Boykin v. Carvalho

By JUDGE AUSTIN E. OWEN

[The plaintiff was] before this Court on August 9, 1988, to be heard on plaintiffs’ Motion for an Order and Judgment seeking judgment by default in the sum of $300.00, plus attorneys’ fees and costs, and mandating release of a deed of trust lien.

After filing plaintiffs’ Exhibits # P-1 and P-2 together with the Exhibit "A" intended to have been filed with the original pleading herein, the Court heard argument of counsel and took the matter under advisement. Counsel has, since the hearing date, referred the Court to the decisions in Carmichael v. Snyder, 209 Va. 451 (1968), and Walt Robbins, Inc. v. Damon Corporation, 232 Va. 43 (1986).

Both of the cited cases relate to the issue of the jurisdiction of this Court under the Virginia "long-arm" statute, Sections 8.01-328 et seq. of the Code of Virginia of 1950, as amended.

Plaintiffs contend that this Court may properly exercise personal jurisdiction over the defendants, Carvalho, by virtue of the provisions of Code Section 8.01-328.1(A)(6). It is contended that this is a cause of action arising from the Carvalhos "having an interest in . . . real property in this Commonwealth."

*94In Walt Robbins, Inc., supra, the Court quotes from an earlier decision holding that, "It is fundamental, of course, that no person may be deprived of his property without due process of law. ‘One of the essentials of due process is notice. This is especially true in proceedings of a judicial nature affecting the property rights of citizens.™ (Emphasis added by the writer). On the same page, the Court goes on to hold that "the beneficiary of an antecedent deed of trust has a property right which entitles him to notice . . . (Emphasis added by the writer). 232 Va. 43, 47. This case involved an action seeking to perfect a mechanic’s lien.

In Carmichael, supra, the Court held that an equitable estate or interest in real estate constituted such an interest in real property as to justify personal jurisdiction under the Virginia "long-arm" statute.

Considering the reasoning employed in reaching the cited decisions, the Court is of the opinion that the holders of a promissory note, the payment of which is secured by the lien of a deed of trust on real property in this Commonwealth, have such an interest in that real property as will authorize this Court to exercise personal jurisdiction over such holders when, as here, they have been properly served with process.

The Court also finds that the defendants, Carvalho, have failed to answer or otherwise appear within the time prescribed by statute and Rule of Court after proper service upon them and are in default.

Plaintiffs seek relief under provisions of Sections 55-66.3 and 55-66.5 of the Code of Virginia of 1950, as amended.

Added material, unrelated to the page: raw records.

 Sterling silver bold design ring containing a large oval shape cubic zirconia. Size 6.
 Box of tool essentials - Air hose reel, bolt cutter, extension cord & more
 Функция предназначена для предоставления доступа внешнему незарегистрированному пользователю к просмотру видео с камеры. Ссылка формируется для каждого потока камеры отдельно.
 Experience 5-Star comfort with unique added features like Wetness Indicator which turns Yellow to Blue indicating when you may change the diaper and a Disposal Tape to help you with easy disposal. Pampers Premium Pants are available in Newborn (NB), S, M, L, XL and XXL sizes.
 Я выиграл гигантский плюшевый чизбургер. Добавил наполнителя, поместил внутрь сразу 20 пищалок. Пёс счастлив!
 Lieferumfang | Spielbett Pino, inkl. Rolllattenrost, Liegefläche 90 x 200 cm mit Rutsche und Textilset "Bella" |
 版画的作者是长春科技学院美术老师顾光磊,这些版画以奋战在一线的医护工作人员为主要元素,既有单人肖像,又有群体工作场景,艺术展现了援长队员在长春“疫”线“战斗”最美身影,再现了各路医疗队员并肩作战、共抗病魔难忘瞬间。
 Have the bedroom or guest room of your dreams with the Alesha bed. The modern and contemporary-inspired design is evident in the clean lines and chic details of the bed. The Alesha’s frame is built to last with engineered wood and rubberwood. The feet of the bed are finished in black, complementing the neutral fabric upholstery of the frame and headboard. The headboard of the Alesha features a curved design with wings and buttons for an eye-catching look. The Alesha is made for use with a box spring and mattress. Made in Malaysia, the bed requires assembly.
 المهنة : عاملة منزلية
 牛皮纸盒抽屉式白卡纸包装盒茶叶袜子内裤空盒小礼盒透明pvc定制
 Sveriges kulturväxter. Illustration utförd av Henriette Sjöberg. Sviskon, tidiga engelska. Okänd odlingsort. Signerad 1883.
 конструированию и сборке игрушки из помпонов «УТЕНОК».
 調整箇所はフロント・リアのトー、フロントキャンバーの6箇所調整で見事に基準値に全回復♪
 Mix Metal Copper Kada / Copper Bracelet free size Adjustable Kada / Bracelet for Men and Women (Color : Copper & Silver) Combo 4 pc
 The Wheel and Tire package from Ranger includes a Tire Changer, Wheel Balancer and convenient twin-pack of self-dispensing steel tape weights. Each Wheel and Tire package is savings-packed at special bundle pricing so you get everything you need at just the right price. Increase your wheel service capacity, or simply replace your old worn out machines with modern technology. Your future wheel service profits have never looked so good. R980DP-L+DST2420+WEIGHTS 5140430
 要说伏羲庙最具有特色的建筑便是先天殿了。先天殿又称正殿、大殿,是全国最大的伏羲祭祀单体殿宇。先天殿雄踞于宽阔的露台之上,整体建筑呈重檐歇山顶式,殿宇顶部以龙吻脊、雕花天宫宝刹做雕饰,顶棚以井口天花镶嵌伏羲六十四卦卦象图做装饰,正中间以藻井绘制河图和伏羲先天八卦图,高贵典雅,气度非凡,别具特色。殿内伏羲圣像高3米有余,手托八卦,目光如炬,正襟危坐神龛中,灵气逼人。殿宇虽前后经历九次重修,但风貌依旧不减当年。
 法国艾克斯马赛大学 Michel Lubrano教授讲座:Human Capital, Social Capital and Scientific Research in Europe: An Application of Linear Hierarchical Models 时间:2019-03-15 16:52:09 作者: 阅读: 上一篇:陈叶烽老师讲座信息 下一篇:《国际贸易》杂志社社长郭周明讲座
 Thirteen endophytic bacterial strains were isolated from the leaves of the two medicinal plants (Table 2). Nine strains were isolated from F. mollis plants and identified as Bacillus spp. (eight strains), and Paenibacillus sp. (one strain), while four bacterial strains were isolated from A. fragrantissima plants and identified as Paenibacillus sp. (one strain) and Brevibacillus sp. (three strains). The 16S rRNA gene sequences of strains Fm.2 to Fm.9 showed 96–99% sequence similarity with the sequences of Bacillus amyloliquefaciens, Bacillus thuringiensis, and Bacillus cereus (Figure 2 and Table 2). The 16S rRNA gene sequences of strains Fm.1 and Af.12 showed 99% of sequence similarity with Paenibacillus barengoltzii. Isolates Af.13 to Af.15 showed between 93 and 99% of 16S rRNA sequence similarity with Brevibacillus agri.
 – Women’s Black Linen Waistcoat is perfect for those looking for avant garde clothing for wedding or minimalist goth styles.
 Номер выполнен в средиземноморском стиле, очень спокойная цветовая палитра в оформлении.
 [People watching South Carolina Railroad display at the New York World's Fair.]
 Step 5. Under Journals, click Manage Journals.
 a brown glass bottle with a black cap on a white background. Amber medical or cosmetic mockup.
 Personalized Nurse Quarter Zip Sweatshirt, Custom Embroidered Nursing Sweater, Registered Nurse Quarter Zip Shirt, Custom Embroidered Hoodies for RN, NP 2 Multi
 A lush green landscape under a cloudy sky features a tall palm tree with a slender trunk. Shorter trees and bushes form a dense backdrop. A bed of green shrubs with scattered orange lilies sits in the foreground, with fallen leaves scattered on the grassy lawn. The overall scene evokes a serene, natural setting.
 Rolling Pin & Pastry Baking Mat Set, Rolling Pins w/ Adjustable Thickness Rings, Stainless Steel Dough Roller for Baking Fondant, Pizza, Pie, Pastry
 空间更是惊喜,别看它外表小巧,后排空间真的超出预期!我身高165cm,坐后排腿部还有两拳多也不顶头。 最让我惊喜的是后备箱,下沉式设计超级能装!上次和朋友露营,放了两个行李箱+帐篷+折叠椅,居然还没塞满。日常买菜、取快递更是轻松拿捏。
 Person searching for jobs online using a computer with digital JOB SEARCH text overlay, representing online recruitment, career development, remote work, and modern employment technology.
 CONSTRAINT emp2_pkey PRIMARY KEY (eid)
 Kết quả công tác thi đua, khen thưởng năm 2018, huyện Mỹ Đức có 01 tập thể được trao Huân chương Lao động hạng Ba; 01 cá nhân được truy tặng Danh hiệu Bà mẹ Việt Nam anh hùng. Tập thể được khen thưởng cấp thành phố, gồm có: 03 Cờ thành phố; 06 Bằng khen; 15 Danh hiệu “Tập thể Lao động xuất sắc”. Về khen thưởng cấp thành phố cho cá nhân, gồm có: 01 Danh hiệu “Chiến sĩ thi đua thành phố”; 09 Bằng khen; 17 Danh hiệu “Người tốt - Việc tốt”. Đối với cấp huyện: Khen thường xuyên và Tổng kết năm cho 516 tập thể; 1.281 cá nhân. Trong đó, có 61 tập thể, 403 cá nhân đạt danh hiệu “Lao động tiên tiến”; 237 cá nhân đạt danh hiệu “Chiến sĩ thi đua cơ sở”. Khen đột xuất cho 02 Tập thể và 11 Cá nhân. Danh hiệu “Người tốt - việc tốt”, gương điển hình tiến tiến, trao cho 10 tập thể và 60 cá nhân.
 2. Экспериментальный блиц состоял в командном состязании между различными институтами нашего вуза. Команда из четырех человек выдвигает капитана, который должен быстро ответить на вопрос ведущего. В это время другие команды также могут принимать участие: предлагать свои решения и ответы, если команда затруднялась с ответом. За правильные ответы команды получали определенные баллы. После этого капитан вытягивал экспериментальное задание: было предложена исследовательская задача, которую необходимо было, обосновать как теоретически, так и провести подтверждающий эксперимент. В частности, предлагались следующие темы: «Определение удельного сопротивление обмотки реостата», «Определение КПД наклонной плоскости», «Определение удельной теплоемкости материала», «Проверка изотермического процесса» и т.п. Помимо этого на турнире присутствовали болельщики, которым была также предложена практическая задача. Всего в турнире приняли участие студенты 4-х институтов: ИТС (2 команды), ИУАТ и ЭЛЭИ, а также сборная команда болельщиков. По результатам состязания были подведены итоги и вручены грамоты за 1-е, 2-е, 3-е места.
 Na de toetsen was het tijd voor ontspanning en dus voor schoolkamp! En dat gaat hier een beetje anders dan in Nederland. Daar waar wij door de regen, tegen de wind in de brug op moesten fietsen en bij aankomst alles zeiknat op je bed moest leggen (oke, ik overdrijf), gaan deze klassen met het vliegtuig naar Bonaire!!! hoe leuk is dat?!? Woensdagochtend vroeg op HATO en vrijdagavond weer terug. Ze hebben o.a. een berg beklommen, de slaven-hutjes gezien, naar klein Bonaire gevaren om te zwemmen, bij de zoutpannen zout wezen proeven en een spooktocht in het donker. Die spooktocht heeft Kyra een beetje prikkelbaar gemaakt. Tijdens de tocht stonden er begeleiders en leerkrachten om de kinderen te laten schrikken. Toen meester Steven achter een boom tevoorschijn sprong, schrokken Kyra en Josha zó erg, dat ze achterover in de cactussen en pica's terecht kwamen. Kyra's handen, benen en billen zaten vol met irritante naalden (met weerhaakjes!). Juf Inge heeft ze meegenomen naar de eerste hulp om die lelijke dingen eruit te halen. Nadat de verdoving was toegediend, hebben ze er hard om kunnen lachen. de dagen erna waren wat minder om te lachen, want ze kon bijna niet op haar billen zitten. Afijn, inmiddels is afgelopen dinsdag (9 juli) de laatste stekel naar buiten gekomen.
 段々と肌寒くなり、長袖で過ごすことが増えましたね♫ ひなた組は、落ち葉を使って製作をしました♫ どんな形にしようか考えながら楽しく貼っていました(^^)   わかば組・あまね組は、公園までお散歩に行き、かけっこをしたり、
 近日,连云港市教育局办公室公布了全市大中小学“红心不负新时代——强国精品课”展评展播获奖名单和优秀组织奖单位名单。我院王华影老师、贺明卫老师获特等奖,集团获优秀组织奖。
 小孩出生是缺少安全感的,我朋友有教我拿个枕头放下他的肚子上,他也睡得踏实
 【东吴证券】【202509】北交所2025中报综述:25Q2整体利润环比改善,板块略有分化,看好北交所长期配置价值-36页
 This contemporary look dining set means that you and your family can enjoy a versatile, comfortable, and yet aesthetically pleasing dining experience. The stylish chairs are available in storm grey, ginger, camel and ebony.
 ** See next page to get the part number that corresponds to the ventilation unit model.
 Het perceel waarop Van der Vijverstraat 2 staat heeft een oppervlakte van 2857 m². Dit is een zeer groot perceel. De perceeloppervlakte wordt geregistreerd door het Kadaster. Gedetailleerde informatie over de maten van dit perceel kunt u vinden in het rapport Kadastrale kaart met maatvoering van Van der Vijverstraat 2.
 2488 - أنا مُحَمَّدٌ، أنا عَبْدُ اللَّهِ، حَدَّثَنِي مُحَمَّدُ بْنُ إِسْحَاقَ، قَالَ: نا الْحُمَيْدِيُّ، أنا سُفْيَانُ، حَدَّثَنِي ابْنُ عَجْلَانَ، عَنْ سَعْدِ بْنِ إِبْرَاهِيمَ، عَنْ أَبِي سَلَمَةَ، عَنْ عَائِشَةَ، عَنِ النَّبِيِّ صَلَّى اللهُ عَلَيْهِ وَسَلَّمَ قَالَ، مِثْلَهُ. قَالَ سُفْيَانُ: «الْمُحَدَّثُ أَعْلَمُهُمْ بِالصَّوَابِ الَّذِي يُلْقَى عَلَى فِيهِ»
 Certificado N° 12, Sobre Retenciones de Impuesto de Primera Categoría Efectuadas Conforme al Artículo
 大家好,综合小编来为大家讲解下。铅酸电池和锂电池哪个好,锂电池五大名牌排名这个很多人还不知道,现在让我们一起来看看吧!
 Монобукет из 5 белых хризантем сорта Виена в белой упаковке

By virtue of their default, the defendants, Carvalho, are liable to plaintiffs for (a) a forfeiture of $300 plus costs and reasonable attorney’s fees incurred in collecting the forfeiture (Section 55-66.3) and (b) costs and reasonable attorney’s fees arising from the failure, without justification or good cause to release the lien of the deed of trust.

Before judgment can be entered, plaintiffs must schedule a hearing to provide the Court with evidence of the reasonable attorney’s fees and costs incurred herein.

Plaintiffs also seek to have the court direct the Clerk to record a Certificate of Satisfaction of the deed of trust. Such relief is dependent on twenty days’ prior *95notice to "the person entitled to such encumbrance" and proof that "the encumbrance has been paid" to such person. The default of the Carvalhos is sufficient to estop them from denying that they were entitled to such encumbrance and that they received payment of such encumbrance, but is not sufficient to prove that they were entitled to such encumbrance or that payment was made to the person entitled. Proof related to these issues may be presented at the same hearing mentioned above.